Wszystkie operacje bus mogą rzucić:

| Error.code | Pola | Kiedy |
|------------|------|-------|
| `MODBUS_EXCEPTION` | `slaveID`, `functionCode`, `exceptionCode` | Slave zwrócił FC \| 0x80 (permanent) |
| _undefined_ | `message` zawiera "modbus timeout", "CRC error", "write:", "drain:" etc. | Transient bus error (retry-able) |

`MODBUS_EXCEPTION` NIE jest retry'owany przez `setRetryConfig` (permanent
application error). Wszystko inne (timeout, CRC, IO) traktujemy jako
transient → retry kicks in jeśli skonfigurowane.

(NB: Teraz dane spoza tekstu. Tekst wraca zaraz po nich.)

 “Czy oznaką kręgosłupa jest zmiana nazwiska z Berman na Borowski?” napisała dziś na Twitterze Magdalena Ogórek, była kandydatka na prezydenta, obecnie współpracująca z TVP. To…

## v3.x → v4.0.0 migration

| v3.x | v4.0.0 |
|------|--------|
| `new ModbusRTU(port, baud, de, re)` | `await ModbusRTU.open({ port, baudRate, transceiver: 'isl43485', dePin, rePin })` |
| `device.close()` (sync) | `await device.close()` |
| `result.startsWith('Error:')` then throw | `try/catch` (natywny throw) |
| `error.message.includes('exception')` (parse) | `error.code === 'MODBUS_EXCEPTION'`, fields `slaveID`/`functionCode`/`exceptionCode` |
| `JSON.parse(await readCoils(...))` | `await readCoils(...)` (natywny array) |
| `await writeCoil(...) === 'success'` | `await writeCoil(...)` (Promise<void>) |
| `MAX485_DEBUG=1` env var | `device.setDebug(1)` |

## License

MIT